Alex Bescoby and Tim Slessor with Oxford in 2020

Oxford has since become widely known in the UK and on the continent, having attended numerous Land Rover and classic car shows as well as a number of JLR press events. Tim’s idea for Last Overland was enthusiastically embraced by Adam Bennett and picked up by Yangon-based explorer and documentary maker Alex Bescoby, a Cambridge graduate and lifelong Land Rover enthusiast who had always been inspired by First Overland. And a plan was hatched that would eventually lead to the announcement that there would indeed be a Last Overland starring Oxford, and that Tim would join the expedition from Singapore to London.

Tim flew out to Singapore in May 2019 when the Last Overland expedition was formally announced and he was interviewed by the slightly incredulous local TV presenters, and the story was also covered by the press in the UK. A formal expedition launch took place in London in early August that brought together Tim and the other two surviving members of the First Overland expedition, Nigel Newbery and Pat Murphy, and it was announced that Tim’s 21-year-old grandson, Nathan George, would also be joining Last Overland. 

The Last Overland team departed from Singapore at the end of August amid great fanfare and was escorted to the border by a large contingent of Land Rover enthusiasts and their vehicles, but sadly Tim could not join the crew due to ill health and had to return to the UK. Nevertheless, the family connection was maintained with his grandson, Nathan, on board for the drive back to the UK. Grandfather Tim was aged just a year older when he was part of the First Overland team.

Changing geopolitical realities and concerns regarding security meant that Last Overland had to take a different route home to the one followed by First Overland. From Myanmar the Last Overland team headed north through China and then through Kyrgyzstan, Uzbekistan and Turkmenistan before cutting through Iran to Turkey. Oxford was supported by two Defenders and the expedition team comprising Marcus Allender, Thérèse-Marie Becker, Léopold Belanger, Nathan George, David Israeli, Larry Leong and Dr. Silverius Purba was led by Alex Bescoby.

Their journey attracted huge interest among the global Land Rover fraternity, as well as from Land Rover enthusiasts along the way who turned out in large numbers to wish the expedition well and, of course, to see Oxford. Nowadays, the progress of the team could be relayed instantaneously around the world, with sound bites and snapshots on social media providing the expedition’s supporters with regular reports whenever an internet connection could be found. It makes an interesting comparison with First Overland, where occasional telegrams back to the Home Team were augmented by laboriously written or typed letters, both of which could only be sent infrequently when the expedition found itself in a location with a telegraph station or a post office. 
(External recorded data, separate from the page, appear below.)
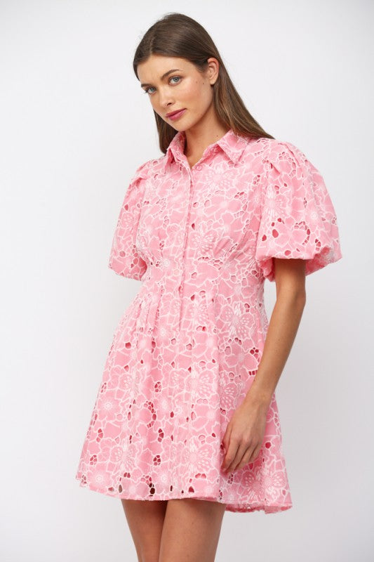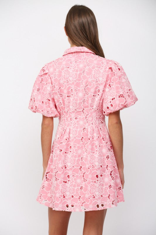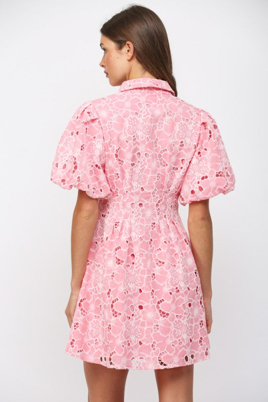 Pink Cut-Out Floral Lace Puff Slv Dress
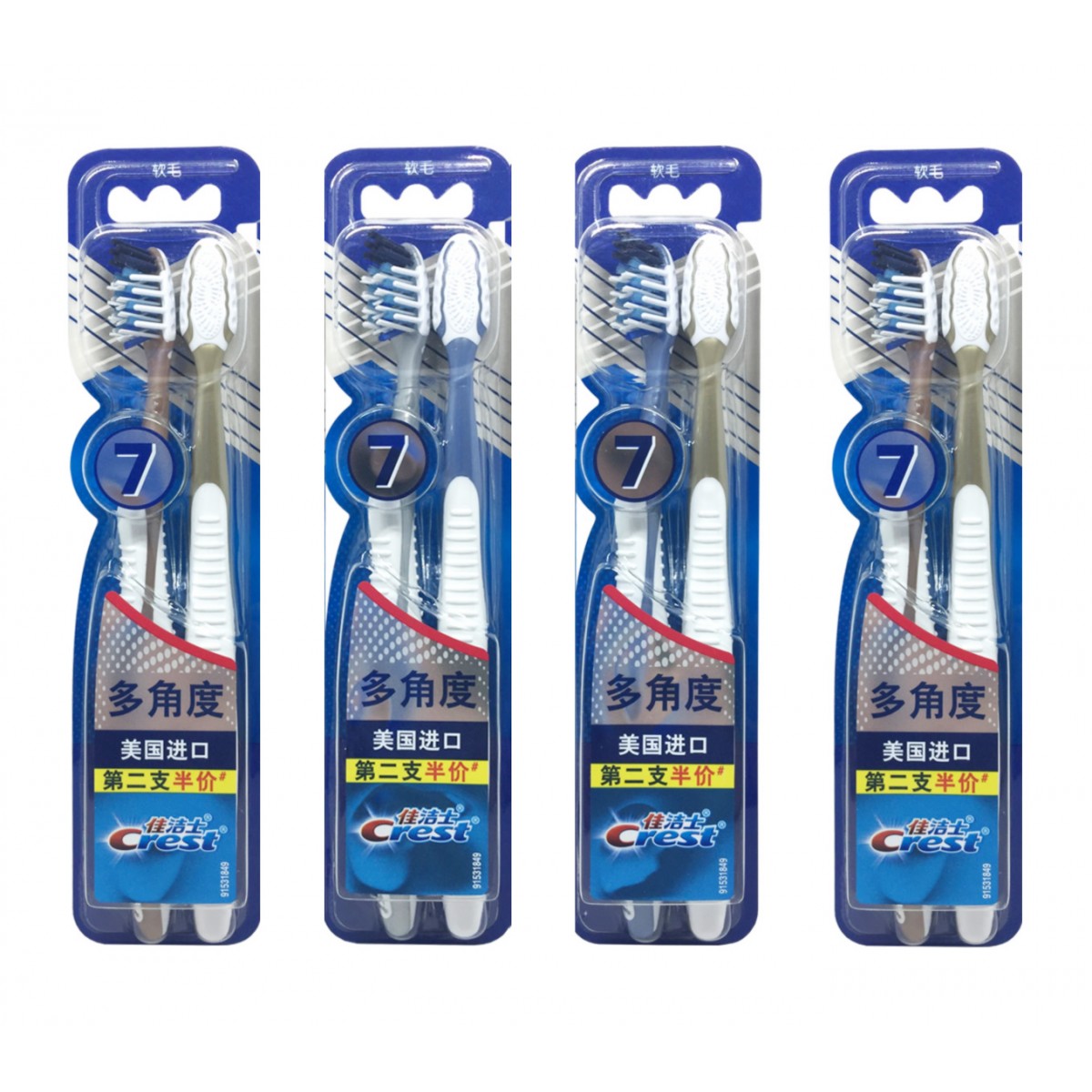 商品名称:佳洁士 全优七效牙刷8支 美国进口小头软毛crest按摩舌苔牙刷
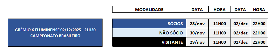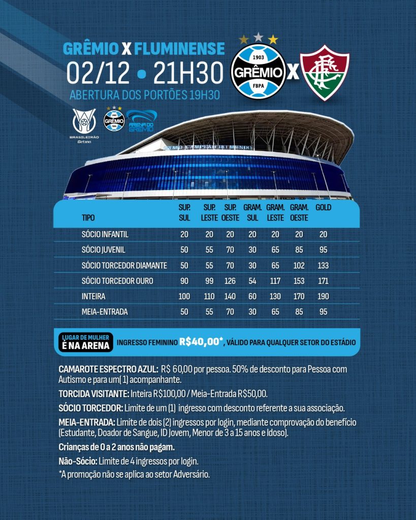 Em partida válida pela 37° rodada do campeonato brasileiro, o Grêmio recebe o Fluminense na Arena, na terça-feira (2) às 21h30. As vendas terão início nesta sexta-feira (28), às 11h, exclusivamente para sócios, no site arenapoa.com.br. Para não-sócio, as vendas estarão disponíveis a partir de domingo (30), às 11h, pelo site da Arena.
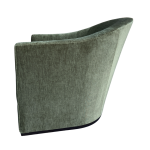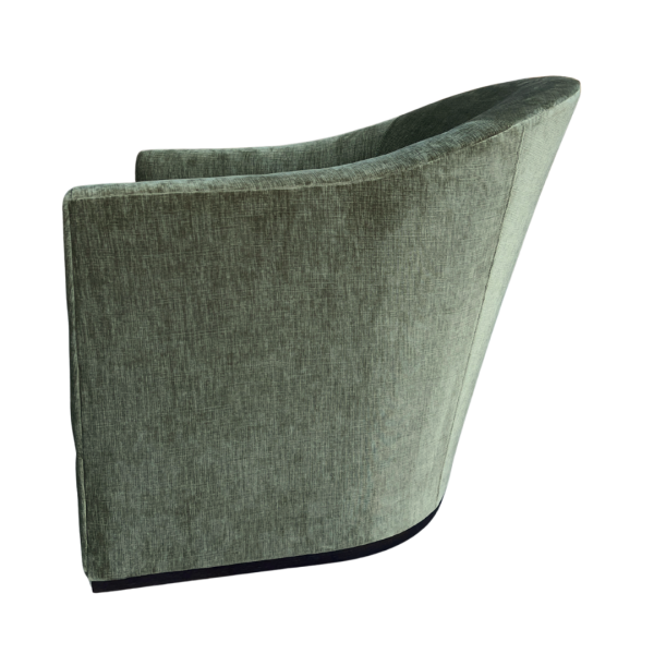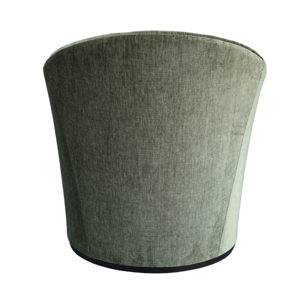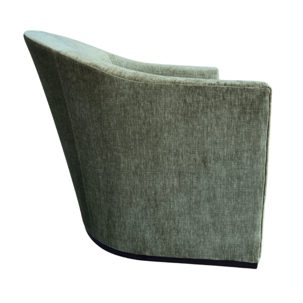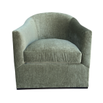 One of our most popular and versatile swivel chairs. This chair has a softly curved back and is trimmed with a small line of wood around its base. A beautiful silhouette from any angle, the size and scale of this chair works well in a living room, family room or bedroom. Upholstered in an earthy green chenille fabric.
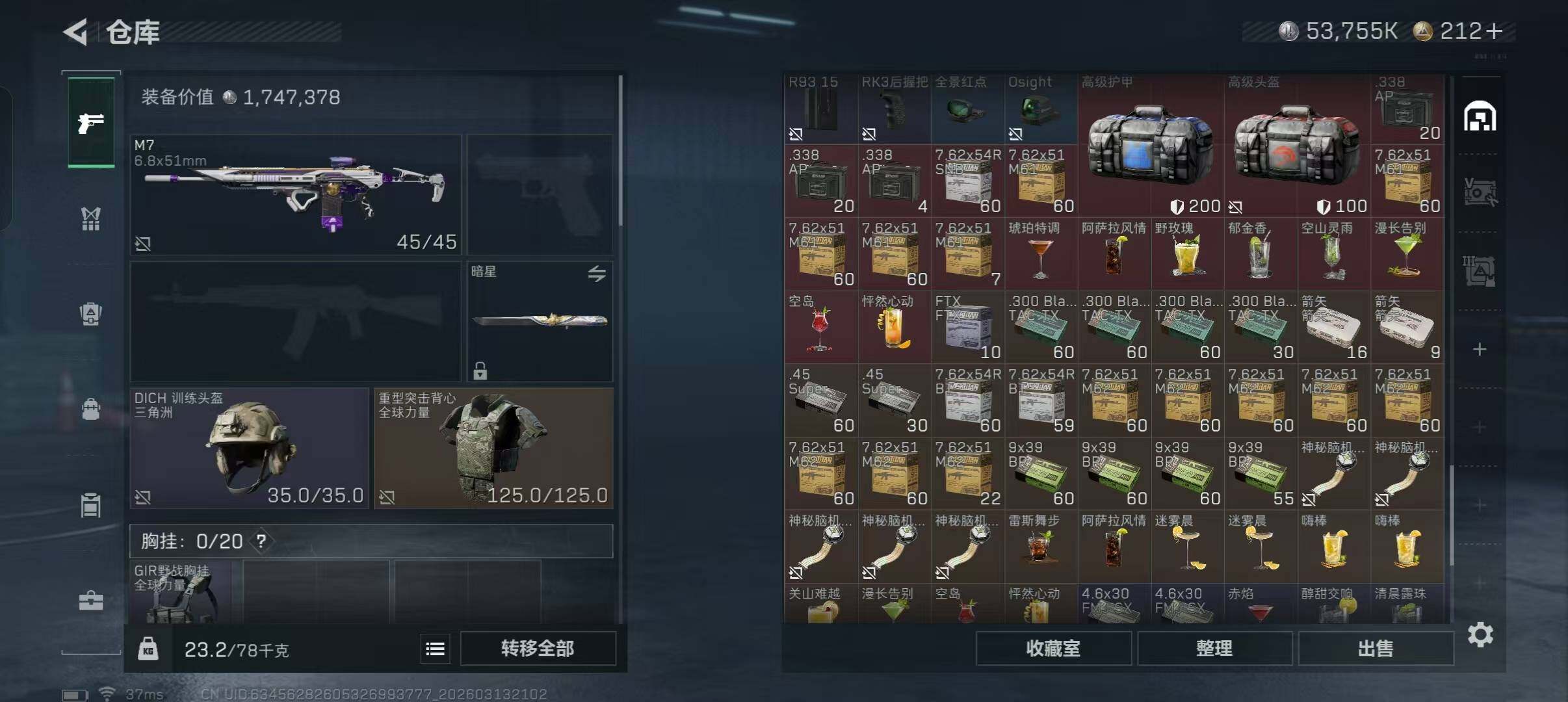 180m总资产-53755k哈伏币-60烽火等级-黑鹰-26战场等级-军士长
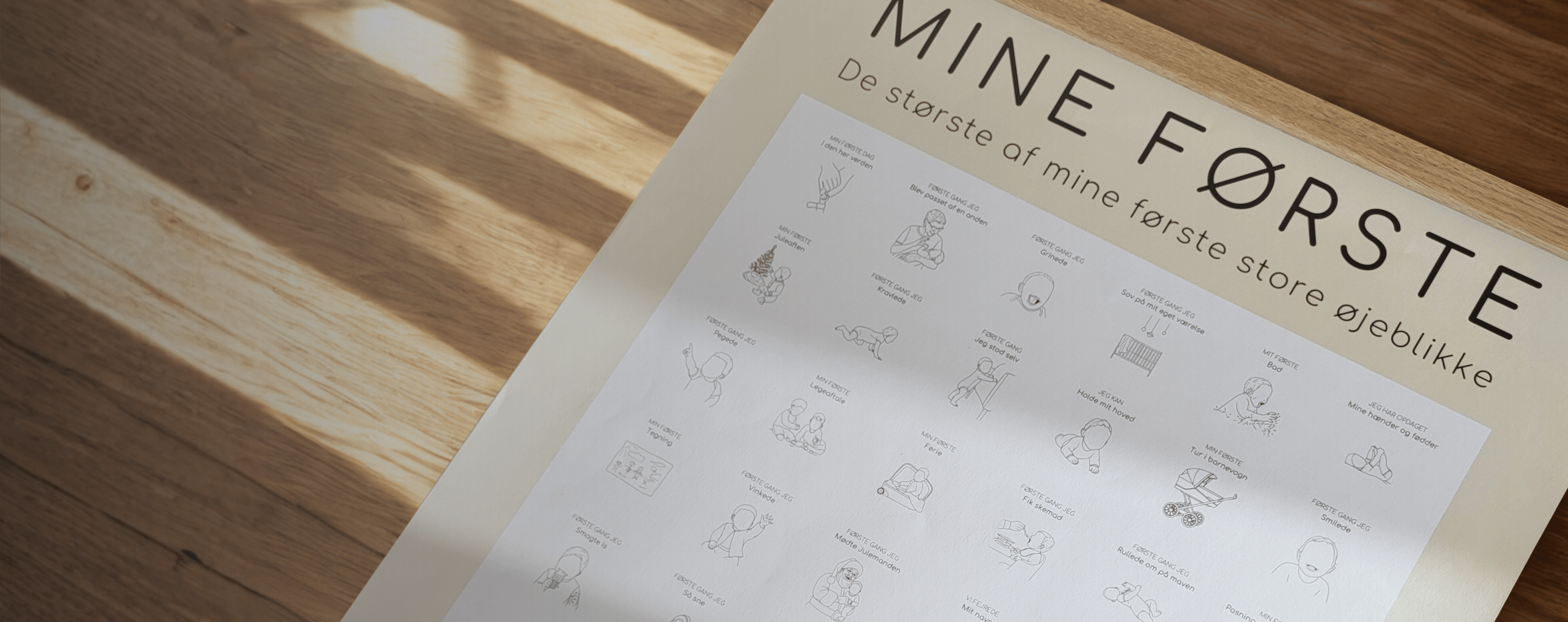De første år flyver afsted, og midt i hverdagen kan de magiske øjeblikke hurtigt drukne. Mine Første samler 48 af barndommens største milepæle – fra første grin til første skridt – og gør dem til en synlig del af hjemmet. Sæt et stempel, og lad plakaten vokse i takt med dit barn. Et smukt og moderne alternativ til milepælskort og scrapbøger – skabt til at blive set, ikke gemt væk.
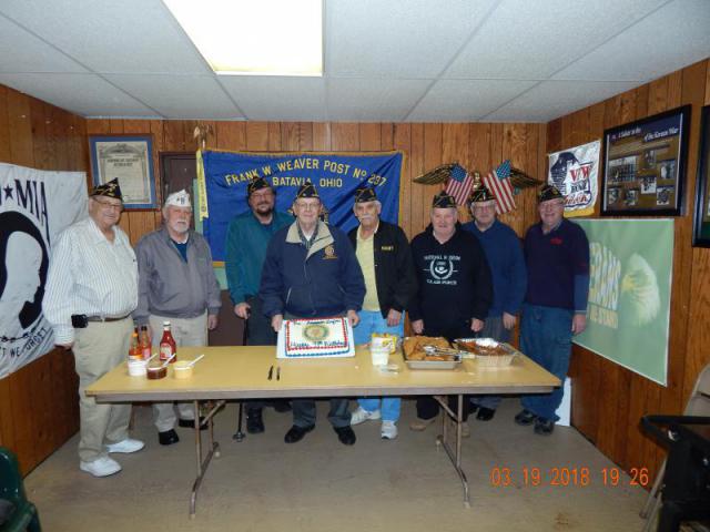 4th District of Ohio on March 19, 2018. The meeting was held at Post 237; we are the oldest charter in Clermont County and we were honored to have a 99th birthday party for The American Legion. We celebrated with a country favorite fried chicken strips, fried potato wedges, cole slaw, and of course a cake made by our local bakery. All veterans are welcome to join us going into our 100th year of The American Legion.
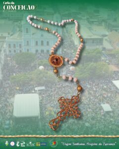 O Terço foi ofertado pela Família Aracati e Carneiro, em memória de Marta Carneiro da Silva, cujo testemunho de fé e devoção permanece vivo e inspira esta entrega solene. Produzido em São Paulo, o terço tem as contas das Ave-Marias em cristais de opalina branca e nas contas maiores do Pai-nosso esferas douradas. Uma cruz em estilo de filigrana cravejada de cristais e, unindo ao centro na “Salve Rainha”, um camafeu com vinte e oito micro opalinas que ladeiam a imagem da Imaculada Conceição.
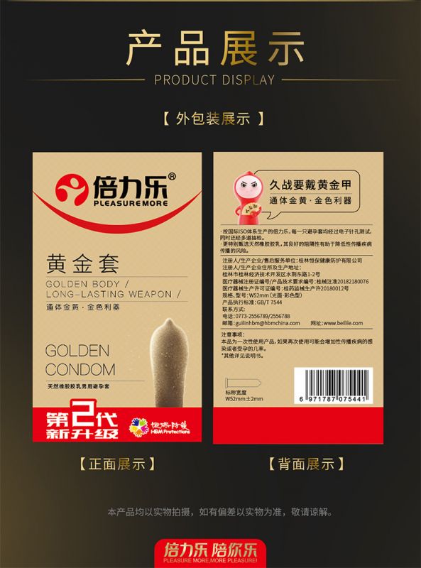 【避孕润滑】倍力乐黄金套10只装(方包)
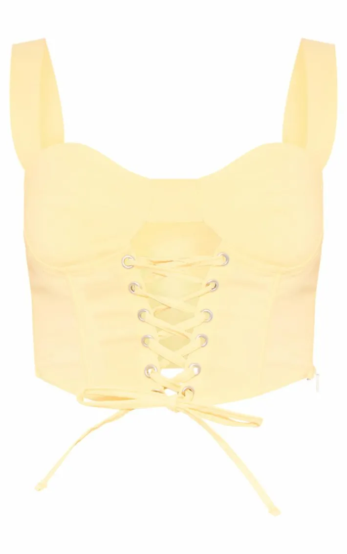 Add some statement hues to your weekend wardrobe with this lemon stretch woven boned lace up crop top. Brought to you in a lemon stretch woven material with a boned design, you are sure to be showing off your shape in all the right places. Its lace up fastening is sure to have you tapping into your feminine side. Team this crop top with a pair of wide leg jeans and a pair of heels.

Oxford suffers a mishap in Turkmenistan

Oxford acquitted itself remarkably well throughout the Last Overland expedition, with only relatively minor issues to contend with like a dynamo failure near the Afghan border, resolved by fitting a battery from one of the support Defenders to allow the expedition to reach the nearest town where a replacement dynamo awaited them courtesy of Adam Bennett and a courier company. The only major mishap was when the nearside rear hub bearing failed in Turkmenistan. Luckily it happened on smooth and straight tarmac. As Léo Belanger said: “had it happened on a mountain road in Nepal, it could have been a very different story.” Recovery was organised, repairs were made, and Oxford was able to continue on its way.

‘Last Overland’ arrived back in the UK at Folkestone on 14 December to be met by Tim Slessor and a large welcoming committee of Land Rover enthusiasts, many of whom joined the convoy to escort ‘Oxford’ and the other expedition vehicles to London. It was a fitting end to a remarkable expedition.